**AIM OF THE EXERCISE**.
Retype exactly what appears below from the line containing "Ao clicar em" down to the line containing "Custom Plastic Pen", keeping both end lines. Do not include pictures.
*** EXERCISE MATERIAL
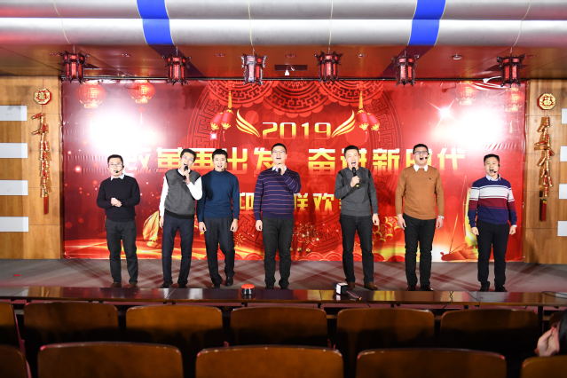 联欢会以《春到福来》歌舞开场,融入歌曲、舞蹈、太极拳、情景剧、诗朗诵、服装展示等多种艺术形态,迎接2019年的到来,向改革开放40年献礼。朗诵《辉煌这一年》、搏击操啦啦操《2019重拳出击》、太极拳表演 、服装展示《艺Show》、歌曲《我的小宝贝》、歌曲串烧《回忆青春》、情景剧《匠心》等精彩纷呈的节目轮番登场,联欢会在《我们的新时代》的歌舞表演中落下帷幕。
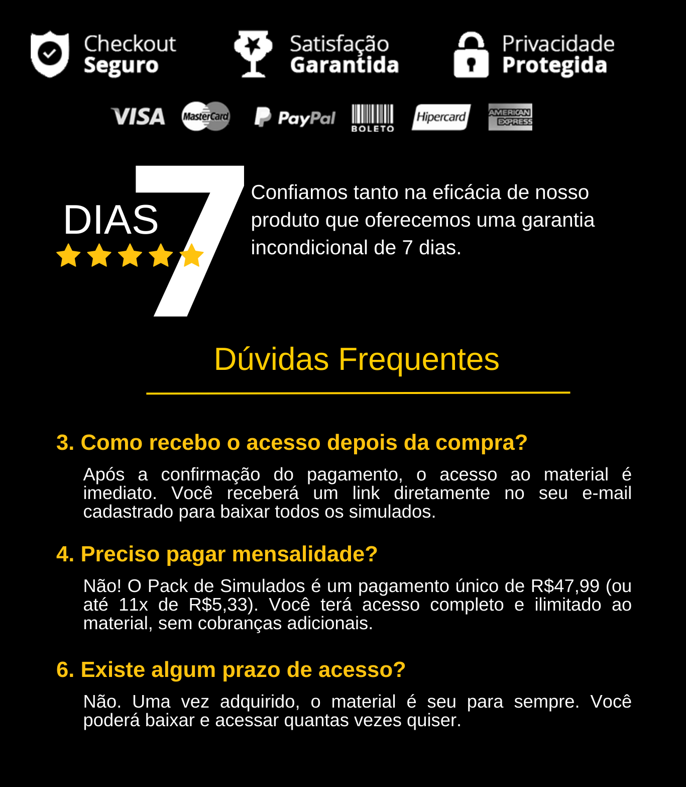 Ao clicar em “Receber pagamento”, declaro que (i) estou ciente de que a Pagar-me está processando este pagamento em nome de SIMULA PROVAS LTDA, atuando apenas como intermediadora da transação, não sendo responsável pelo conteúdo, oferta ou controle prévio do infoproduto; (ii) que li e concordo com os Termos de Uso, Termos de Pagamento e Política de Privacidade da plataforma.
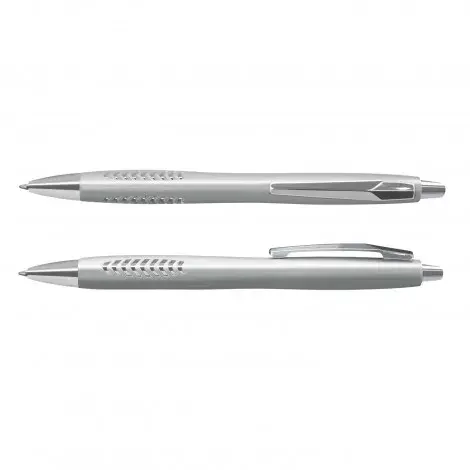 Custom Plastic Pen Ballpoint Rubberised Grip Silver Cara
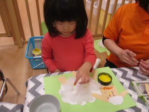 ゆびえのぐを指先につけて、トントンと、色づけもしました![]()
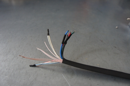 Провода от мотора и энкодера, собранные при помощи термоусадочной трубки. Обратите внимание на наличие термоусадочных трубок малого размера на проводах, идущих к обмоткам мотора (BLK, GRN, RED и BLU), а также на соединённые вместе двухцветные провода (BLK/WHT и GRN/WHT, RED/WHT и BLU/WHT). Тоненькие проводки - это контакты энкодера. Их 5 штук.
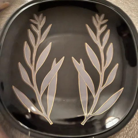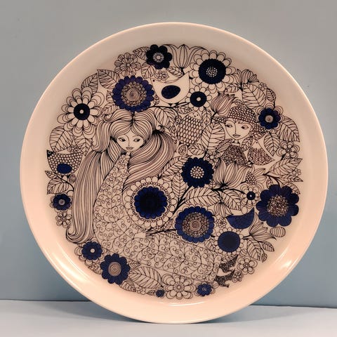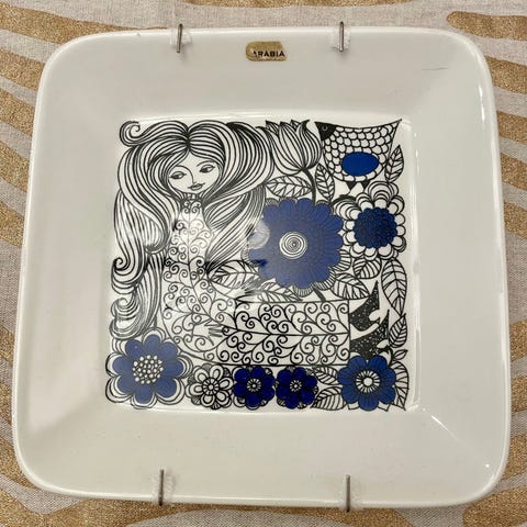 Arabia Pastoraali seinälautanen, Esteri Tomulan suunnittelema. Neliönmuotoinen, valkoinen pohja ja mustasininen Pastoraali-kuvitus keskellä. Lautasen takana Arabialle tyypillinen leima “Pastoraali Arabia Made in Finland”. Vanhaa tuotantoa, 60-luvulta.
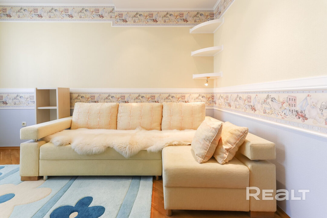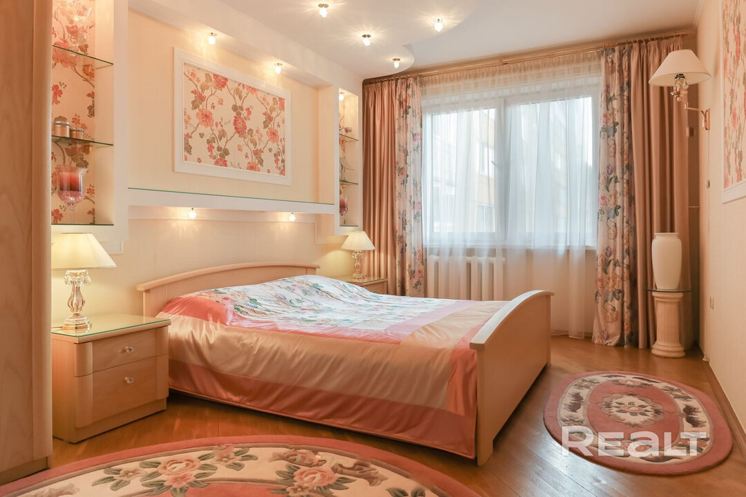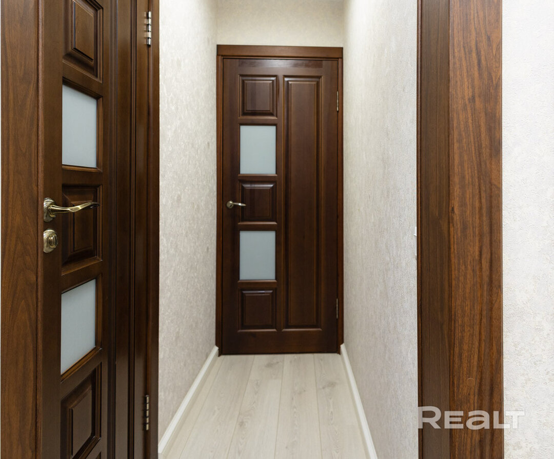 Интерьер тут обновили в прошлом году. Полностью заменена проводка, все коммуникации. Балкон застеклен, везде стоят новые пластиковые окна. Межкомнатные двери изготовлены из массива натурального дерева. Установлены чугунные батареи нового образца. Потолки — натяжные, на полу лежит ламинат.
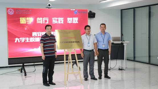 开云kaiyun官方网站副院长陈晓龙与华天科技有限公司相关领导共同为“开云kaiyun官方网站--大学生校外实践教育基地”揭牌。
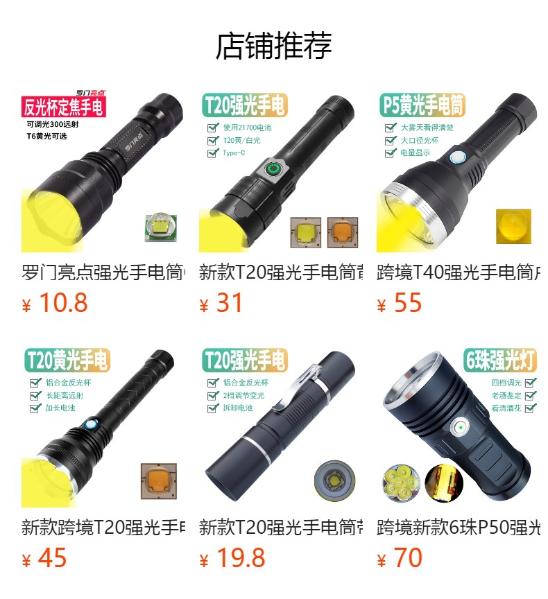 국경 T20 노란색 LED 손전등 야외 충전식 알루미늄 합금 편리한 조명 장비 순찰 보안 검색 등스토어 가기
******
**TASK ANSWER**.
 Ao clicar em “Receber pagamento”, declaro que (i) estou ciente de que a Pagar-me está processando este pagamento em nome de SIMULA PROVAS LTDA, atuando apenas como intermediadora da transação, não sendo responsável pelo conteúdo, oferta ou controle prévio do infoproduto; (ii) que li e concordo com os Termos de Uso, Termos de Pagamento e Política de Privacidade da plataforma.
 Custom Plastic Pen Ballpoint Rubberised Grip Silver Cara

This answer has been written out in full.